A different approach yields new promise

At around the same time we were developing our allosteric inhibitor series, another group was developing an ATP competitive D2 domain inhibitor of p97, called CB-5083.  In contrast to our compound, this one binds directly to the D2 ATP enzyme site with nanomolar affinity.

CB-5083.

The compound also demonstrated potent and specific p97 inhibition activity in mouse xenograft models of tumors.

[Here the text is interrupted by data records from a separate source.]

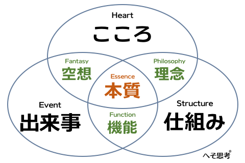 ・へそ思考とは,この単純な構造が繰り返されます。当たり前すぎて拍子抜けしたり,世の中を単純にしすぎだと猛烈に反論したりする方も結構いらっしゃいます。ただし領域に代入できる言葉は数多に存在しますし,重複しなければ領域も選びませんので,組み合わせの数は甚大です。
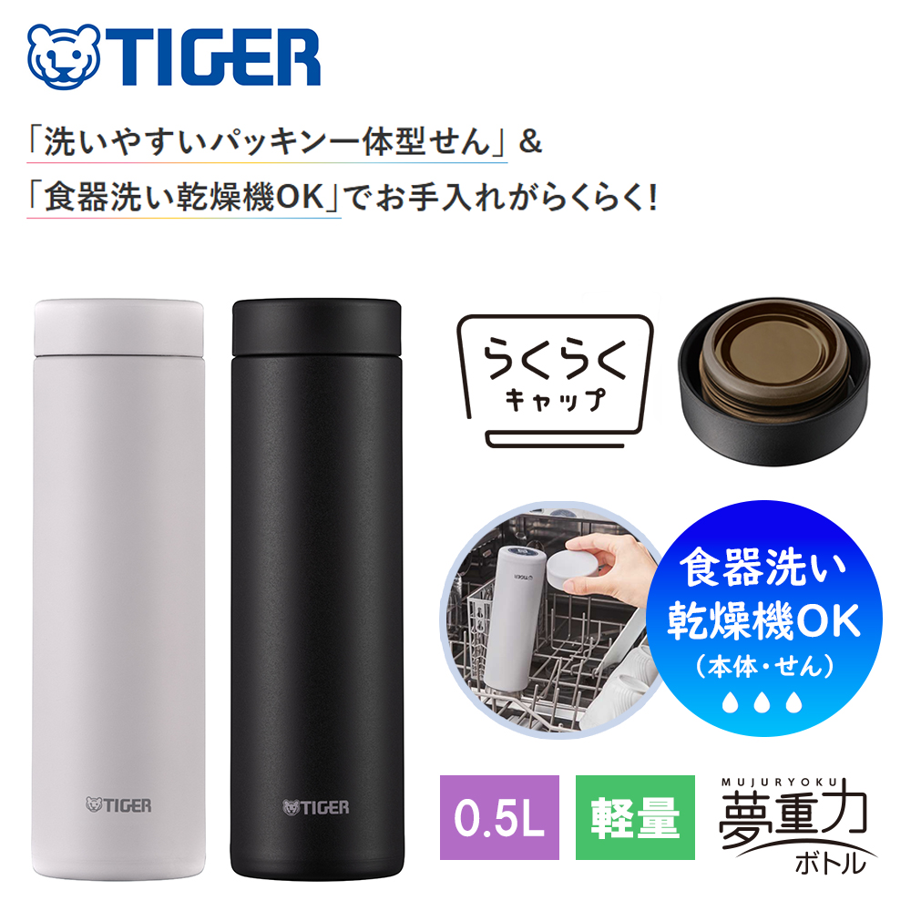 お手入れも、持ち運びも“らくらく”に タイガー魔法瓶 真空断熱ボトル MMZ-W501 0.5L 「洗いやすいパッキン一体型せん」&「食器洗い乾燥機OK」でお手入れがらくらく! パッキンの着脱をしなくてもいいからつけ忘れやつけまちがい、紛失の心配いらず。 ◆お手入れ“らくらく”簡単キレイ ボトルキャップ(せん)は1パーツのシンプル構造でお手入れ簡単、さらにボトルまるごと食器洗い乾燥機OK。 洗いやすさにこだわったらくらくキャップ パッキンとせんが一体化した「らくらくキャップ」で手間なく洗えます。パッキン部分は露出していてスポンジが当たりやすくお手入れしやすい構造です。 食器洗い乾燥機OK せん・本体ともに食器洗い乾燥機に対応。お手入れがさらにらくになりました。 ※画像はイメージです。
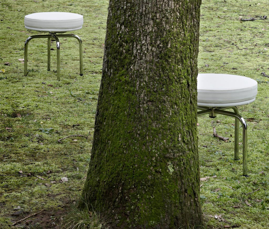Stool with metal frame OUTDOOR LC8 from the Italian manufacturer Cassina. Design by Le Corbusier, Pierre Jeanneret, Charlotte Perriand. The frame is made of steel, filler - foam, upholstery - leather or fabric from the company portfolio. The rotating seat. Colours in stock.
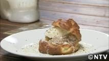 菊地さんが考案したというこちらの肉シュークリームは、小さく切った豚肉を玉ねぎと一緒に炒めて、2日間、冷蔵庫で寝かせます。それをフードプロセッサでペーストにした豚肉のリエットに、マスカルポーネチーズを合わせて、はちみつとブラックペッパーで味をととのえたら、完成!
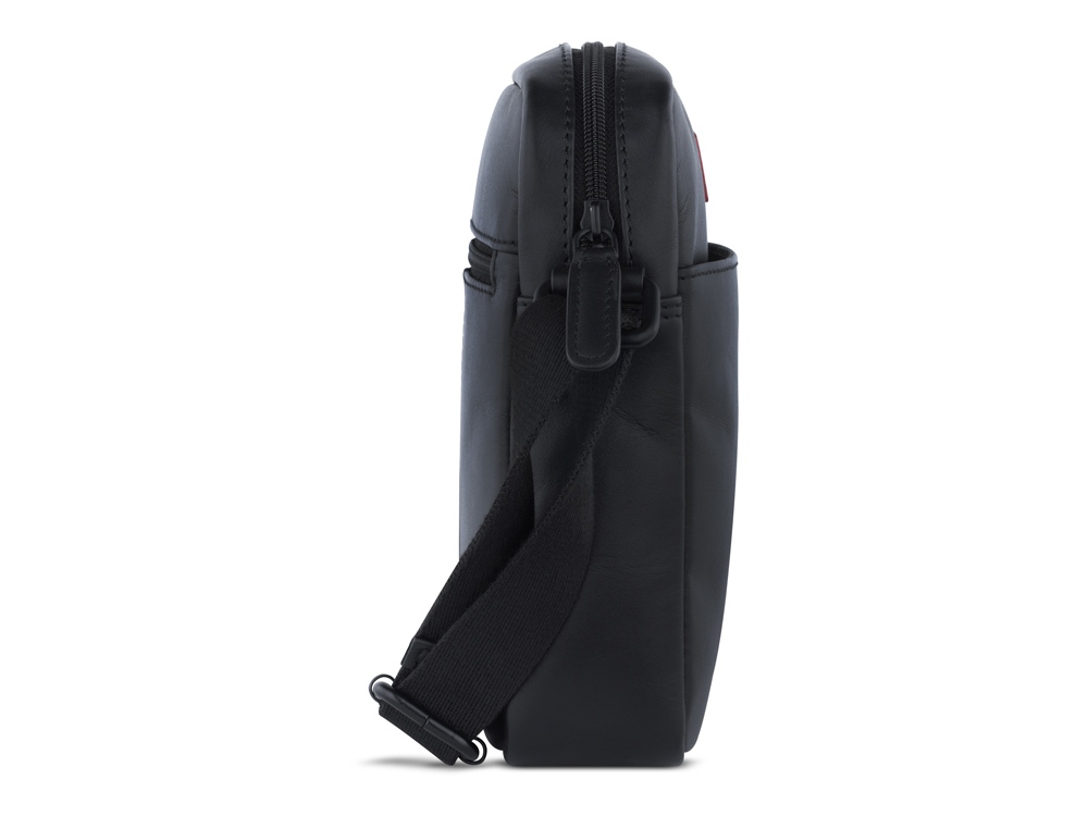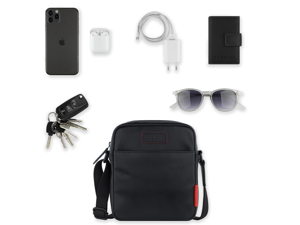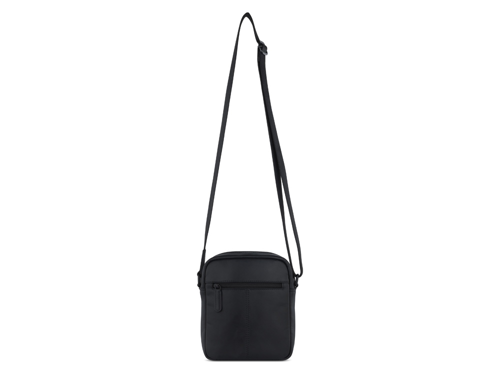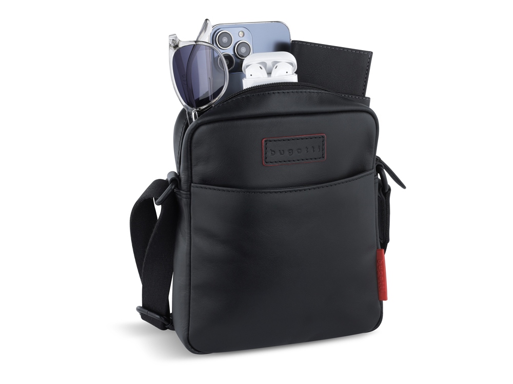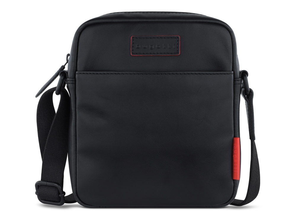 Сумка наплечная мужская BUGATTI КЛАРК | CLARK, чёрная, воловья кожа/полиэстер, 18х5,5х20 см, 2 л, 49235001

An advance in myeloma cancer therapy

A more recent paper (Nov 2017) shows activity for CB-5083 against multiple myeloma (MM) cell lines and in vivo MM models.  From the abstract:

CB-5083 decreases viability in multiple myeloma cell lines and patient-derived multiple myeloma cells, including those with background proteasome inhibitor (PI) resistance. CB-5083 has a unique mechanism of action that combines well with PIs, which is likely owing to the p97-dependent retro-translocation of the transcription factor, Nrf1, which transcribes proteasome subunit genes following exposure to a PI. In vivo studies using clinically relevant multiple myeloma models demonstrate that single-agent CB-5083 inhibits tumor growth and combines well with multiple myeloma standard-of-care agents.

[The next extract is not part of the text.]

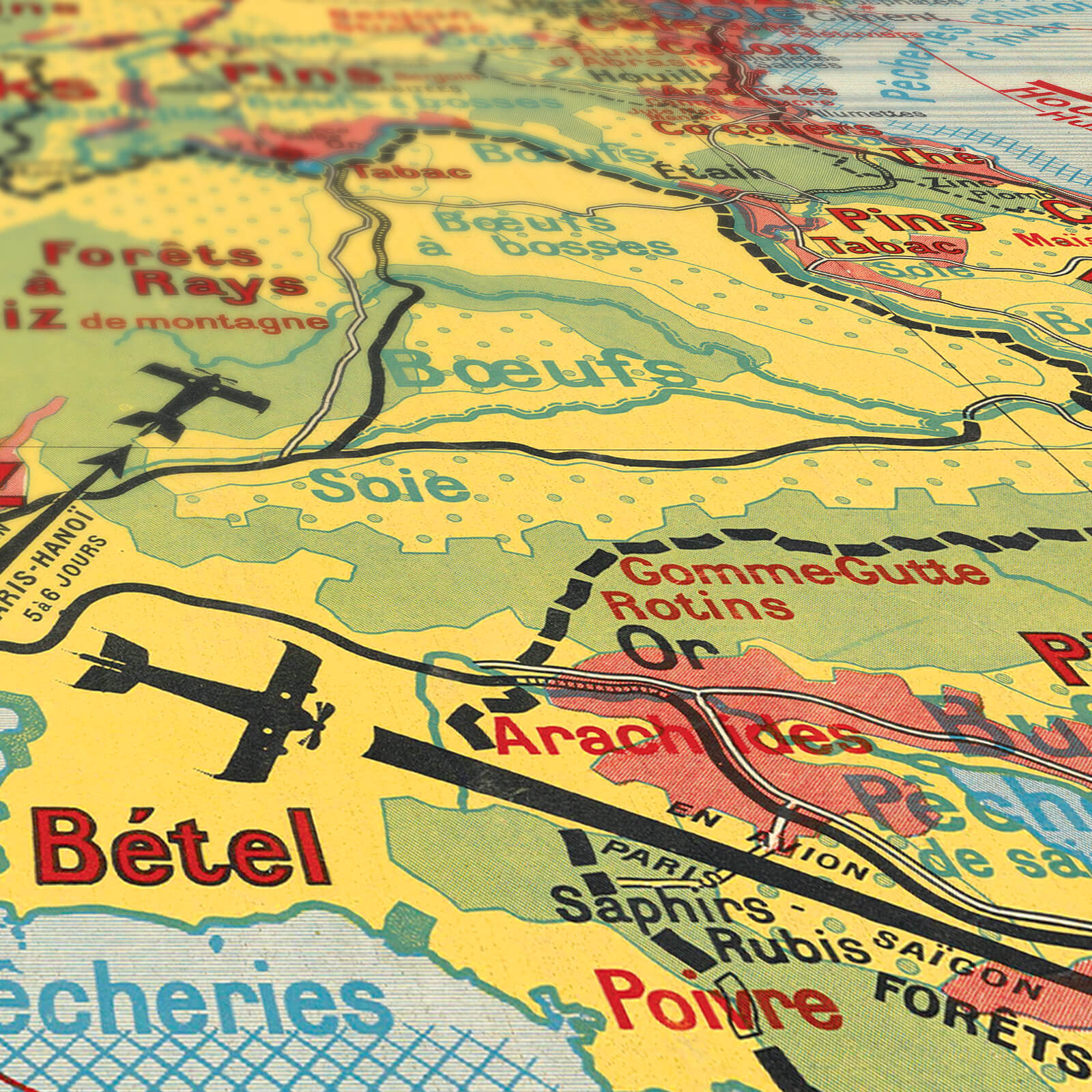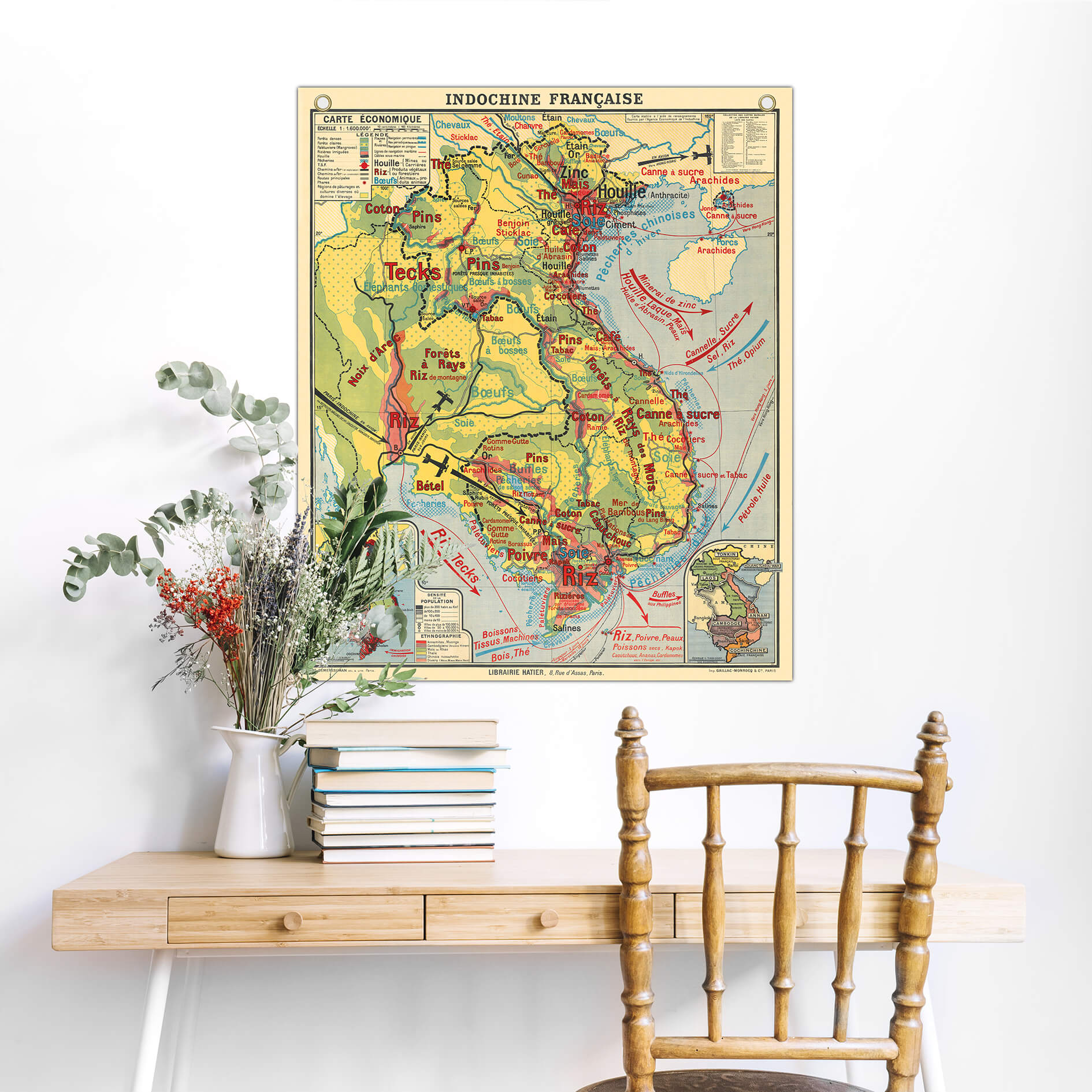 Offrez à votre intérieur une touche d’histoire avec cette magnifique carte scolaire économique de l’Indochine Française, reproduction fidèle d’un support pédagogique utilisé dans les écoles coloniales françaises au XXe siècle. Illustrant les ressources naturelles et les productions agricoles et industrielles des territoires indochinois (Vietnam, Laos, Cambodge), cette carte riche en couleurs et en détails vous transporte dans une époque marquante de l’histoire coloniale.

Standard of care agents, like bortezomib, are proteasome inhibitors (PI).  Using a PI results in broad inhibition of the proteasome system across many cell types, not just tumor cells, and thus a high likelihood of side effects.  p97 is upstream of the proteasome and targeting it is more narrow in scope, because MM cells rely so heavily on the protein homeostasis activities of the ERAD pathway.

Hope for Phase 1 success

CB-5083 was also found to enhance the activity of bortezomib both in vitro and in vivo and also was active in bortezomib-resistance models of MM.  This paves the way for a potential combination therapy or another line of therapy if resistance develops as a result of earlier treatment with PIs.   Clinical trials are now ongoing in Phase 1 for patients who have exhausted other medications.  Hopefully CB-5083 makes it to the market soon, if trials prove it to be safe and efficacious, so that oncologists and patients have another weapon in the fight against MM.